Geographic data models

Raster data

Juan Carlos Villaseñor-Derbez (JC)

Intro slide

We mentioned that spatial data can be represented in a vector model, or a raster model
We focused on vector data, which is represented by points, lines, polygons (and combination of these)
In R, we use the simple features standard to work with vector data via the sf package
sf objects have three main components:
- CRS
- geometry
- attributes

Raster data model

The world with the continuous grid of cells (gridcells, grid cells, grid-cells, or pixels)
All pixels are the same size¹
For 99% of the cases grid cells will be squares

Code

rsmaes_poly_coords <- st_polygon(
  x = list(
    matrix(
      data = c(
        -80.163017, 25.733950,
        -80.164236, 25.732816,
        -80.163772, 25.732353,
        -80.163924, 25.732148,
        -80.163455, 25.731597,
        -80.162187, 25.731605,
        -80.160968, 25.732172,
        -80.163017, 25.733950),
      ncol = 2,
      byrow = T)),
  dim = "XY") |> 
  st_sfc(crs = 4326)

rsmaes_poly <- st_sf(id = "Rosenstiel (polygon)",
                     geometry = rsmaes_poly_coords)

mapview(rsmaes_poly)

Code

rsmaes_rast <- rasterize(
  x = vect(rsmaes_poly),
  y = rast(resolution = 0.0001,
           crs = "EPSG:4326",
           val = 0,
           xmin = -80.168, xmax = -80.155,
           ymin = 25.730, ymax = 25.735),
  field = 1)

names(rsmaes_rast) <- "Rosenstiel"
rsmaes_rast[is.na(rsmaes_rast)] <- 0

mapview(rsmaes_rast,
        legend = F)

Components of a raster

Typically two components:
- Header (“metadata” with CRS, extent, and origin)
- Matrix (the actual “data” we want to represent)
x-coordinates = columns
y-coordinates = rows

GFW 1: Trees

Tree cover in the year 2000, defined as canopy closure for all vegetation taller than 5m in height.
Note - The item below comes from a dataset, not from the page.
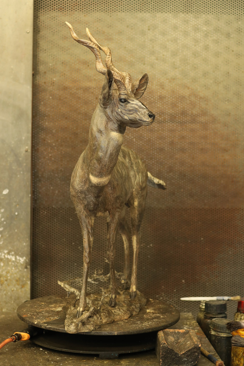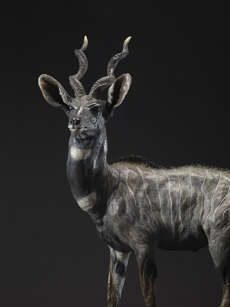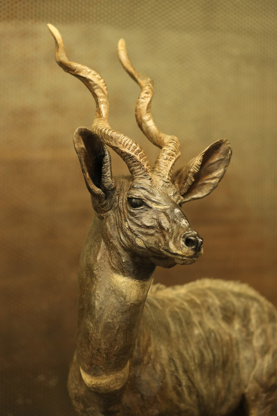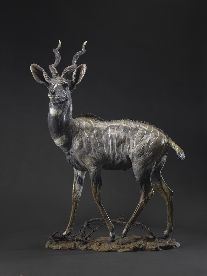 Lesser Kudu Bull Species: Lesser KuduEdition: 10Height: 79.5 cmWidth: 32 cmLength: 58 cmWeight: 26.2 kgMaterial: BronzeAvailable View Spin

Encoded as a percentage per output grid cell, in the range 0–100.

Code

tc <- rast(here("data/Hansen_GFC2015_treecover2000_00N_080W.tif"))

tc

class       : SpatRaster 
dimensions  : 40000, 40000, 1  (nrow, ncol, nlyr)
resolution  : 0.00025, 0.00025  (x, y)
extent      : -80, -70, -10, 0  (xmin, xmax, ymin, ymax)
coord. ref. : lon/lat WGS 84 (EPSG:4326) 
source      : Hansen_GFC2015_treecover2000_00N_080W.tif 
name        : Hansen_GFC2015_treecover2000_00N_080W

Let’s check the resolution and number of cells

Code

0.00025 * 111.31 * 1000

[1] 27.8275

Code

plot(tc)

Download data from GFW earthengine portal

Why are rasters faster?

There is a fundamental relationship between resolution, extent, and origin:

\[ \mathrm{resolution} = \frac{x_{max} - x_{min}}{n_{col}} , \frac{y_{max} - y_{min}}{n_{row}} \]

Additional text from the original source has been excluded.